=== DATASET ===

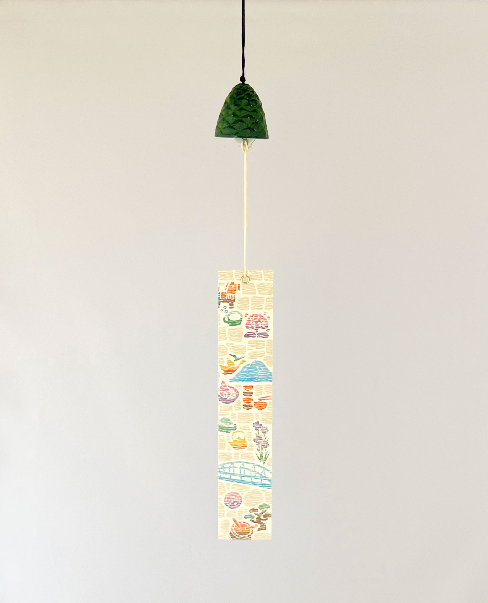 盛岡まち風鈴は、南部鉄器ならではの硬質で涼やかな音色を奏でる風鈴です。縁起物である松をモチーフにした風鈴に、盛岡をイメージしたイラスト入りのオリジナル短冊をつけました。目と耳から涼やかな心地良さをお楽しみください。
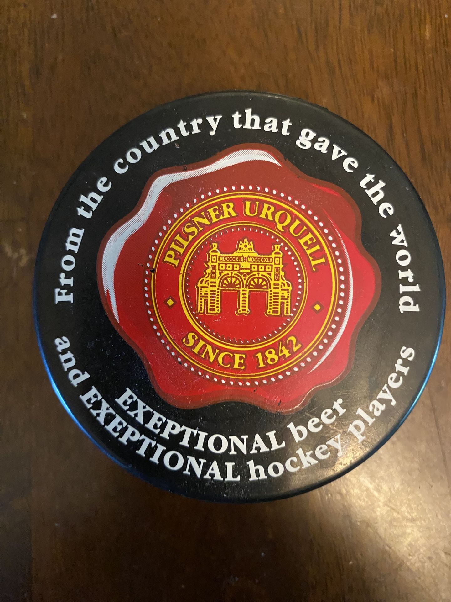 Pilsner Urquell beer promotional hockey puck. Collectors item or just use it & have fun!🤷♀️
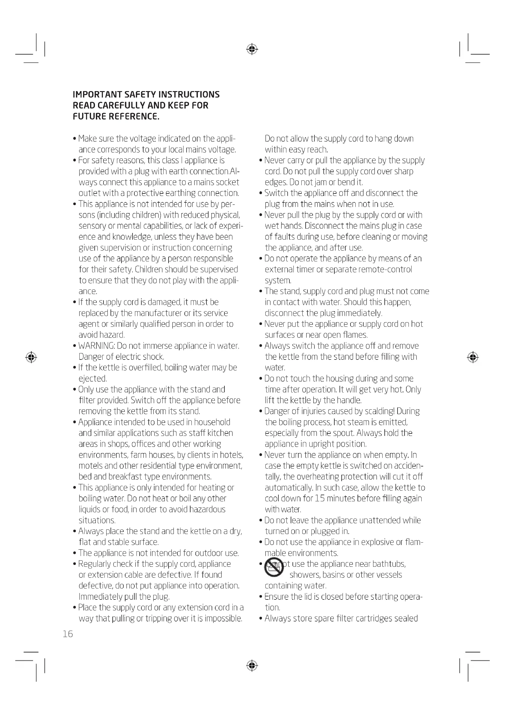 - Only use the appliance with the stand and filter provided. Switch off the appliance before removing the kettle from its stand.
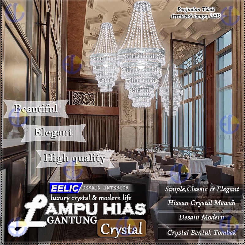 EELIC LHG-281 Lampu hias gantung crystal 5 layer memberi kesan elegant dan mewah desain interior modern
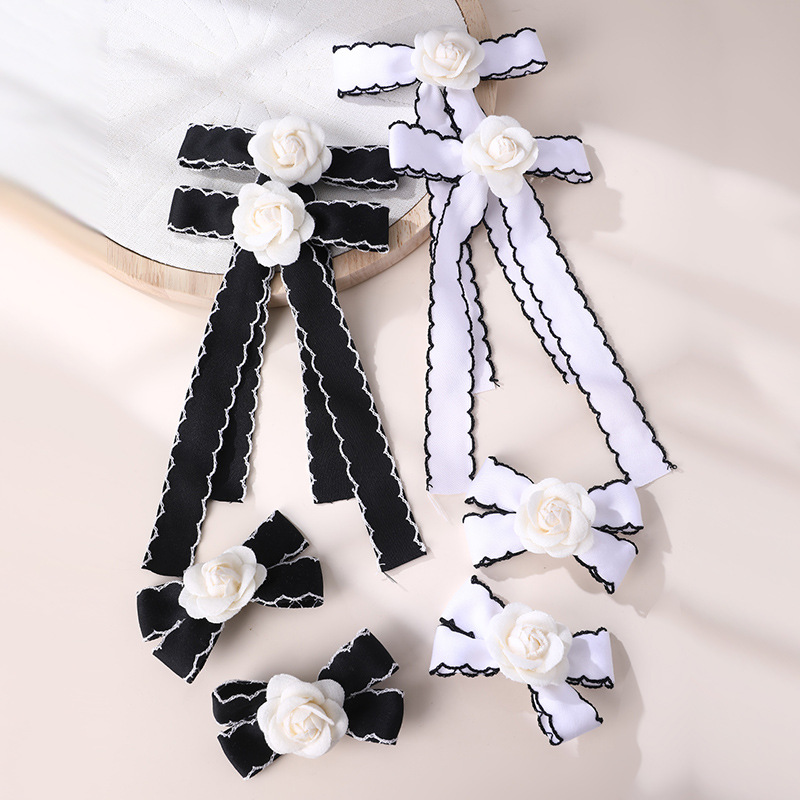 国境を越えた欧米の白黒の新型のリボンの蝶結びのアヒルの口は女の子の髪飾りの白い花卉の子供のサイドクリップを挟みます。
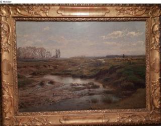 Fundmeldung Terrain mit weidenden Schafen bei Dachau Hersteller/Künstler:in Weber, Paul Objektart Gemälde Material / TechnikÖl ; Leinwand / gemaltLost Art-ID601160
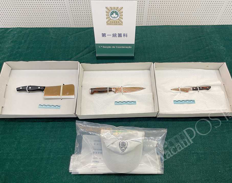 Two bloodstained knives seized from the murder scene and a cleaver seized from the suspect’s backpack are displayed during a special press conference on Saturday about Thursday’s homicide by stabbing of a woman by her female friend in a hotel guestroom in Cotai. – Photo: Armindo Neves

===

Your answer must be an exact copy of the lines from the line with "EELIC LHG-281 Lampu" to the final line of the data, both ends included, and no pictures.

 EELIC LHG-281 Lampu hias gantung crystal 5 layer memberi kesan elegant dan mewah desain interior modern
 国境を越えた欧米の白黒の新型のリボンの蝶結びのアヒルの口は女の子の髪飾りの白い花卉の子供のサイドクリップを挟みます。
 Fundmeldung Terrain mit weidenden Schafen bei Dachau Hersteller/Künstler:in Weber, Paul Objektart Gemälde Material / TechnikÖl ; Leinwand / gemaltLost Art-ID601160
 Two bloodstained knives seized from the murder scene and a cleaver seized from the suspect’s backpack are displayed during a special press conference on Saturday about Thursday’s homicide by stabbing of a woman by her female friend in a hotel guestroom in Cotai. – Photo: Armindo Neves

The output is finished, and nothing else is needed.